%%

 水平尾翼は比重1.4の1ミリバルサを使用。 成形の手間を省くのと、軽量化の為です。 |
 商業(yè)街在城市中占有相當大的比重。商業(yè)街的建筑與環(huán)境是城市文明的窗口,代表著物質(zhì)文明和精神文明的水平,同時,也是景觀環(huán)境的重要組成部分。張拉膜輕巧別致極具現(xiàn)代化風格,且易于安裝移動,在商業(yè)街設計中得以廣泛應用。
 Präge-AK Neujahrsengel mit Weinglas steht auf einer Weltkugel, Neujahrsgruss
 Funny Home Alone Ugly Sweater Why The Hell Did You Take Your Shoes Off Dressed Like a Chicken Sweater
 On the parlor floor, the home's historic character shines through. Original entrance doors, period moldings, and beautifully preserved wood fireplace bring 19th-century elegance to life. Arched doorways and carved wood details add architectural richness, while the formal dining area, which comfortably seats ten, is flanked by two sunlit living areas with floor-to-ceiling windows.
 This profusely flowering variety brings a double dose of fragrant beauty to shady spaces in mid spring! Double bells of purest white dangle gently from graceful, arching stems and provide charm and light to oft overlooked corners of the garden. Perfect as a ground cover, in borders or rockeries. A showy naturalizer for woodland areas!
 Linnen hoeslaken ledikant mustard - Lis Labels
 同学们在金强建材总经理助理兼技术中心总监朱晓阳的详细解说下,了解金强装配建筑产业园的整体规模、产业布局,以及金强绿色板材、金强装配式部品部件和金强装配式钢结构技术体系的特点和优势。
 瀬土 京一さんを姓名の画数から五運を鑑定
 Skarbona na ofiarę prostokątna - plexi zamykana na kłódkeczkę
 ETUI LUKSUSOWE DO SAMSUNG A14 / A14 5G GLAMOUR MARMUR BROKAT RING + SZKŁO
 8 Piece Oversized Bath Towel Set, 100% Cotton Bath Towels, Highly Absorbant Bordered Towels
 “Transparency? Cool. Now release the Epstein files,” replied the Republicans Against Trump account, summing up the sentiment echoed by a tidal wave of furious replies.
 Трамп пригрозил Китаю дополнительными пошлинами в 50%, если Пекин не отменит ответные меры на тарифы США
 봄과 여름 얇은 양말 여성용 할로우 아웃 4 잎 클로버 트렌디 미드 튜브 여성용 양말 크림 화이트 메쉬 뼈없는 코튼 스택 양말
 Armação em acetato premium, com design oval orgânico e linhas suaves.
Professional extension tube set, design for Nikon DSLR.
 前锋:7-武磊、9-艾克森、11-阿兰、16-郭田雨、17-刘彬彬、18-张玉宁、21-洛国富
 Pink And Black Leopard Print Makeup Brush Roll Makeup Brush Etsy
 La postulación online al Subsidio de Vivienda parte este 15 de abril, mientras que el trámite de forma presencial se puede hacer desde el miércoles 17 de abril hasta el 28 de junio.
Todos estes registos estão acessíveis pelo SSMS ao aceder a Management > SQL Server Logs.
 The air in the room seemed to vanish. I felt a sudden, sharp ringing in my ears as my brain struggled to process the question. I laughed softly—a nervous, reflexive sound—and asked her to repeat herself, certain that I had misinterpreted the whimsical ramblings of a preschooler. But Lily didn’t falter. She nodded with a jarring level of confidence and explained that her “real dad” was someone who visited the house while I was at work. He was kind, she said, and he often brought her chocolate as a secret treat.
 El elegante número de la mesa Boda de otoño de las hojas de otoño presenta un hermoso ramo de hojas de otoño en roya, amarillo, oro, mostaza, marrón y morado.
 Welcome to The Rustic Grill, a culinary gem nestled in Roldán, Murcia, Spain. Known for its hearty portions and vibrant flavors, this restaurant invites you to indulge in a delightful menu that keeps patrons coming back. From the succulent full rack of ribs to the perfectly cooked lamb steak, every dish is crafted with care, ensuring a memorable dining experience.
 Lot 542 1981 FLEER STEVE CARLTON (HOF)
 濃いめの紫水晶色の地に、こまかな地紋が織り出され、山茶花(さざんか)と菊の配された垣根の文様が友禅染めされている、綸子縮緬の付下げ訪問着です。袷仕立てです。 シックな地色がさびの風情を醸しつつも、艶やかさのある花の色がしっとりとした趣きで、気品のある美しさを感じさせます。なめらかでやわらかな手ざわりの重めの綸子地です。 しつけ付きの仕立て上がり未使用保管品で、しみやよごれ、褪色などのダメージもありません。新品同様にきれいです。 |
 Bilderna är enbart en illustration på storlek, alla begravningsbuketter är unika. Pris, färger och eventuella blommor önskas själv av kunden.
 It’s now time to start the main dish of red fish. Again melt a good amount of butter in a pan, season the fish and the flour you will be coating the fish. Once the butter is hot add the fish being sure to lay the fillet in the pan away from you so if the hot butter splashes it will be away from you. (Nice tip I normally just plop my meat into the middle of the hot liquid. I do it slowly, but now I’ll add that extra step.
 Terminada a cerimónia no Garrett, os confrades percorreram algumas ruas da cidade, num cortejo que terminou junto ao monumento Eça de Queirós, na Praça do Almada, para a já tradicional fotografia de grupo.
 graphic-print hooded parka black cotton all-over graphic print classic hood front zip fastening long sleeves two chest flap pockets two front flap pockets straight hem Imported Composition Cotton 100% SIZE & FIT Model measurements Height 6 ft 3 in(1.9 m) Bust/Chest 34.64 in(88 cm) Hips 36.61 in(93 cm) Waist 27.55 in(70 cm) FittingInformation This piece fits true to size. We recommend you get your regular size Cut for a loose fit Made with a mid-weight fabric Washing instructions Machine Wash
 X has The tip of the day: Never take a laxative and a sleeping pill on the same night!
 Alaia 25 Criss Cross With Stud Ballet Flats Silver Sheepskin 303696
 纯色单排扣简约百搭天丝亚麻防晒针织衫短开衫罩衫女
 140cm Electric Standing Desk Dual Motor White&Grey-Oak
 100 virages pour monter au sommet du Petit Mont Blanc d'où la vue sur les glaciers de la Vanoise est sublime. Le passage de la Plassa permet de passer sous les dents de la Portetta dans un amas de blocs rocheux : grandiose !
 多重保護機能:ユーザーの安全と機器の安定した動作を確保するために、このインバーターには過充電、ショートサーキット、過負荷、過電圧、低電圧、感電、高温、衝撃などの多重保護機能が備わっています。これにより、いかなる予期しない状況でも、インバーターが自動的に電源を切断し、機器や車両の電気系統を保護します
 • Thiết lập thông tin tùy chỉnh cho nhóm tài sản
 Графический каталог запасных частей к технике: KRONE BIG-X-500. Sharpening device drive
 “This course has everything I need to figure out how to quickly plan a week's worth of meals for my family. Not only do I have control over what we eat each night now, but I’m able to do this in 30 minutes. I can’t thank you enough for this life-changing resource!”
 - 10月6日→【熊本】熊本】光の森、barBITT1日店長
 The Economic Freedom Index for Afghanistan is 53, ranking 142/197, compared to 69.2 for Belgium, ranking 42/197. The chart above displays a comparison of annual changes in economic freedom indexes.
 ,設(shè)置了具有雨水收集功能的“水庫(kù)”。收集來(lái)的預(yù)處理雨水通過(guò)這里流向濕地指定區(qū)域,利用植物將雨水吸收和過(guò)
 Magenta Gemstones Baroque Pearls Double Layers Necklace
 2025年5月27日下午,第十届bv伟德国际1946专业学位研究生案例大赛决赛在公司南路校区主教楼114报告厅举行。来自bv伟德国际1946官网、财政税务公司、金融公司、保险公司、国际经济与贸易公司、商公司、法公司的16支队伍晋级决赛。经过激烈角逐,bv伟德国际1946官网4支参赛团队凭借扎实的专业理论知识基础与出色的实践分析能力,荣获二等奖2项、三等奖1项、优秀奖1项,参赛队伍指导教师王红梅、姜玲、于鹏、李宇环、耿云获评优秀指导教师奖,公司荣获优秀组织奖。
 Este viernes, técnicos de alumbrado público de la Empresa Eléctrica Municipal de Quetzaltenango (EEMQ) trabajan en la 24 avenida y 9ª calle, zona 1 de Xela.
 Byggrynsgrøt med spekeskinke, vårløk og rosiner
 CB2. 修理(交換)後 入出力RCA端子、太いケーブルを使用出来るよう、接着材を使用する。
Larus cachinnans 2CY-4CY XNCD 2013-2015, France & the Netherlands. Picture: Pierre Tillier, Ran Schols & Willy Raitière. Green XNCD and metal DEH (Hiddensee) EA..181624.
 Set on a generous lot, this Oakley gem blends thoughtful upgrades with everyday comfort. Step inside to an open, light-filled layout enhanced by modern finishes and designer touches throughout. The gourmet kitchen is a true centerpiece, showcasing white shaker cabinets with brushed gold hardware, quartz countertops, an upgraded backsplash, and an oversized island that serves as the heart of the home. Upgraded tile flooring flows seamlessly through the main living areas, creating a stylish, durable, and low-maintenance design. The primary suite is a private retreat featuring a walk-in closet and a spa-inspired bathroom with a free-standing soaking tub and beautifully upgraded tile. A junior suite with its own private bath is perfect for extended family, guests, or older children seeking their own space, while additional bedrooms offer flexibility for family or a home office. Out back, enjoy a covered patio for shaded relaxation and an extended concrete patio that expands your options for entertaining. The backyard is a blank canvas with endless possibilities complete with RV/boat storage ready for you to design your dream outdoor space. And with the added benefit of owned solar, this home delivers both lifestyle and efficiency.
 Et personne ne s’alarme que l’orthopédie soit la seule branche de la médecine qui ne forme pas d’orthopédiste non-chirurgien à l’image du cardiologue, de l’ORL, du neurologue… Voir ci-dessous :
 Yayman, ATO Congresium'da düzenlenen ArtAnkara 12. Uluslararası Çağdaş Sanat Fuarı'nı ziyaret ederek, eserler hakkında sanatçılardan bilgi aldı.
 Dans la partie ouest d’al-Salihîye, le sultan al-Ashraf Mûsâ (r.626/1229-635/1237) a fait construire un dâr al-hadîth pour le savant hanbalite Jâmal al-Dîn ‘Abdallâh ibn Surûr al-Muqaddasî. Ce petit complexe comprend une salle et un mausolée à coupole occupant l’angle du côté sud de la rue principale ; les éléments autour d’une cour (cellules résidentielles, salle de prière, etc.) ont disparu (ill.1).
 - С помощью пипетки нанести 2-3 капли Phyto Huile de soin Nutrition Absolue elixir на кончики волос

%%

Work request —
Your answer must consist solely of the lines above between the line holding "Трамп пригрозил Китаю" and the line holding "Todos estes registos", inclusive, copied exactly.

Your response —
 Трамп пригрозил Китаю дополнительными пошлинами в 50%, если Пекин не отменит ответные меры на тарифы США
 봄과 여름 얇은 양말 여성용 할로우 아웃 4 잎 클로버 트렌디 미드 튜브 여성용 양말 크림 화이트 메쉬 뼈없는 코튼 스택 양말
 Armação em acetato premium, com design oval orgânico e linhas suaves.
Professional extension tube set, design for Nikon DSLR.
 前锋:7-武磊、9-艾克森、11-阿兰、16-郭田雨、17-刘彬彬、18-张玉宁、21-洛国富
 Pink And Black Leopard Print Makeup Brush Roll Makeup Brush Etsy
 La postulación online al Subsidio de Vivienda parte este 15 de abril, mientras que el trámite de forma presencial se puede hacer desde el miércoles 17 de abril hasta el 28 de junio.
Todos estes registos estão acessíveis pelo SSMS ao aceder a Management > SQL Server Logs.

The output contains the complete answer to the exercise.